Creates a new column dividing cars into:
2020 and after (newer models)
Before 2020 (older models)
Useful for comparing trends between older and newer BMW models.
# Add grouping variable for new vs old models
data <- data %>%
mutate(Year_Group = ifelse(Year >= 2020, "2020_and_after", "before_2020")) %>%
mutate(Year_Group = as.factor(Year_Group))
data
## # A tibble: 50,000 × 12
## Model Year Region Color Fuel_Type Transmission Engine_Size_L Mileage_KM
## <fct> <dbl> <fct> <fct> <fct> <fct> <dbl> <dbl>
## 1 5 Series 2016 Asia Red Petrol Manual 3.5 151748
## 2 i8 2013 North A… Red Hybrid Automatic 1.6 121671
## 3 5 Series 2022 North A… Blue Petrol Automatic 4.5 10991
## 4 X3 2024 Middle … Blue Petrol Automatic 1.7 27255
## 5 7 Series 2020 South A… Black Diesel Manual 2.1 122131
## 6 5 Series 2017 Middle … Silv… Diesel Manual 1.9 171362
## 7 i8 2022 Europe White Diesel Manual 1.8 196741
## 8 M5 2014 Asia Black Diesel Automatic 1.6 121156
## 9 X3 2016 South A… White Diesel Automatic 1.7 48073
## 10 i8 2019 Europe White Electric Manual 3 35700
## # ℹ 49,990 more rows
## # ℹ 4 more variables: Price_USD <dbl>, Sales_Volume <dbl>,
## # Sales_Classification <fct>, Year_Group <fct>
Interpretation:
The printed table lists models with the highest average prices at the top. Typically:
7 Series, X7, i8, and M series models appear at the top.

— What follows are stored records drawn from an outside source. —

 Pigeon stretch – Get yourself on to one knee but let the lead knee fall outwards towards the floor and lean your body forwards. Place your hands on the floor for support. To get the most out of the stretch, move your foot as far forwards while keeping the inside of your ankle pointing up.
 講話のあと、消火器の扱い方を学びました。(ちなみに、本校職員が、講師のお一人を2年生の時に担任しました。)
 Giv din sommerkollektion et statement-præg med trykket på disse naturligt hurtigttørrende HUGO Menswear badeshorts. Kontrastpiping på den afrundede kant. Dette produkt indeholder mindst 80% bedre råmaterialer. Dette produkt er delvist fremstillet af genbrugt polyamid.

Smaller models like 1 Series or X1 appear at the bottom.
This means luxury full-size BMW sedans and performance cars are the most expensive models.

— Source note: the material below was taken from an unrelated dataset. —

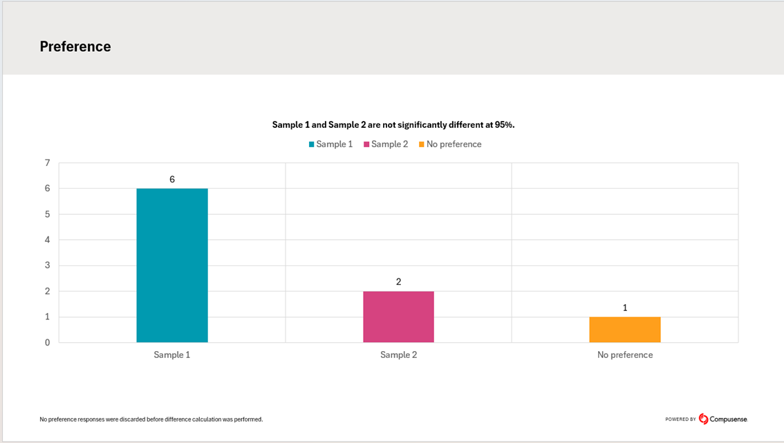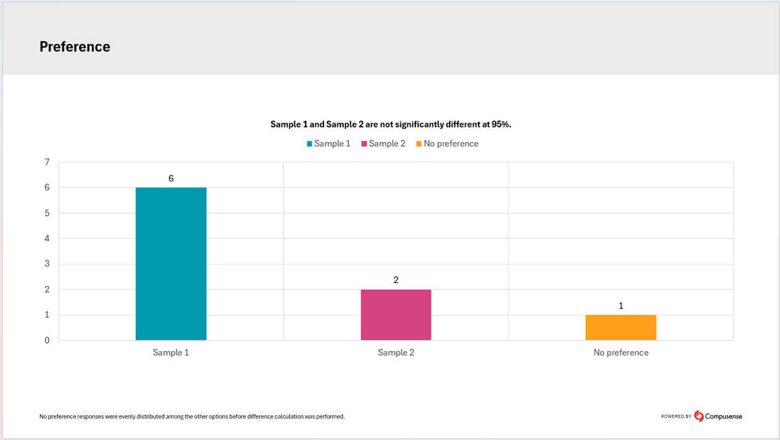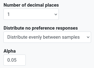 - Distribute evenly between samples. Default selection. The "No preference" responses, even though displayed in the graph are evenly distributed among the other options before difference calculation is performed.
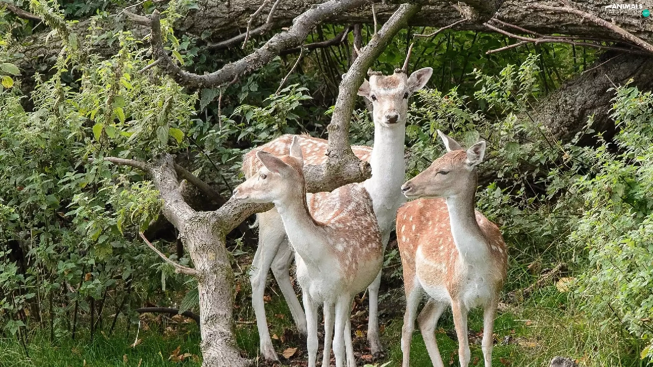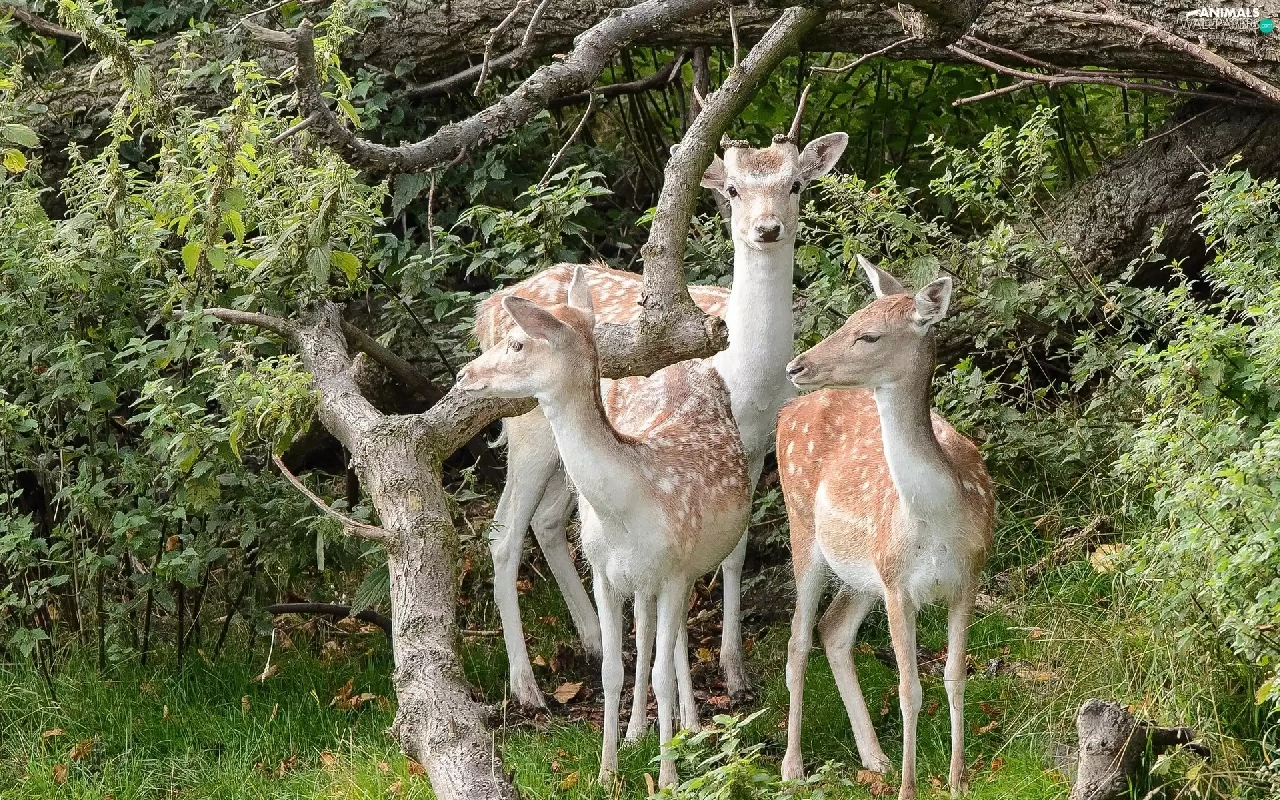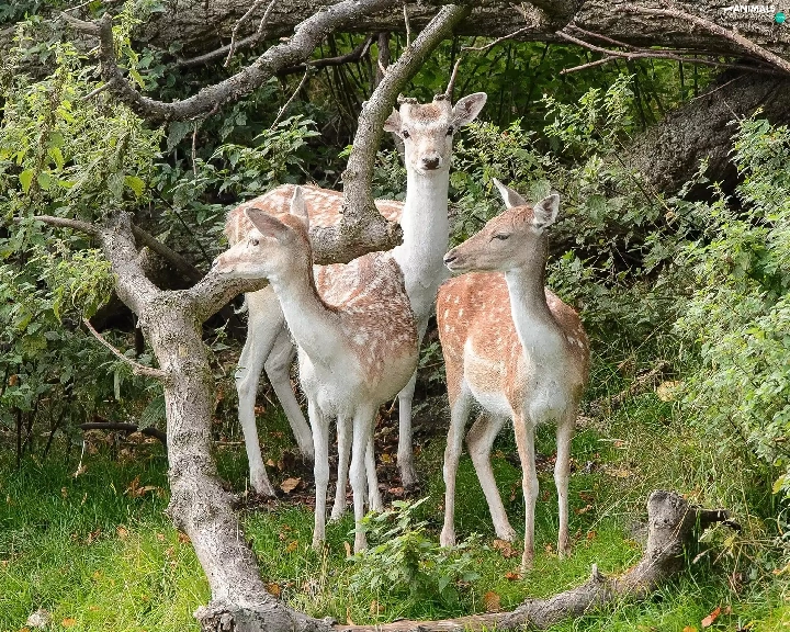 deer, forest, car in the meadow, Branches of Trees

# Q1: Model with highest average price
avg_price <- data %>%
group_by(Model) %>%
summarise(Avg_Price = mean(Price_USD)) %>%
arrange(desc(Avg_Price))
print(avg_price)
## # A tibble: 11 × 2
## Model Avg_Price
## <fct> <dbl>
## 1 7 Series 75570.
## 2 3 Series 75566.
## 3 i8 75366.
## 4 5 Series 75288.
## 5 X1 75262.
## 6 X3 75017.
## 7 M3 74842.
## 8 i3 74800.
## 9 X5 74708.
## 10 M5 74475.
## 11 X6 74435.
Interpretation:
A rising trend shows increasing BMW popularity.
A dip in certain years (e.g., around 2020) may reflect global events (COVID-19).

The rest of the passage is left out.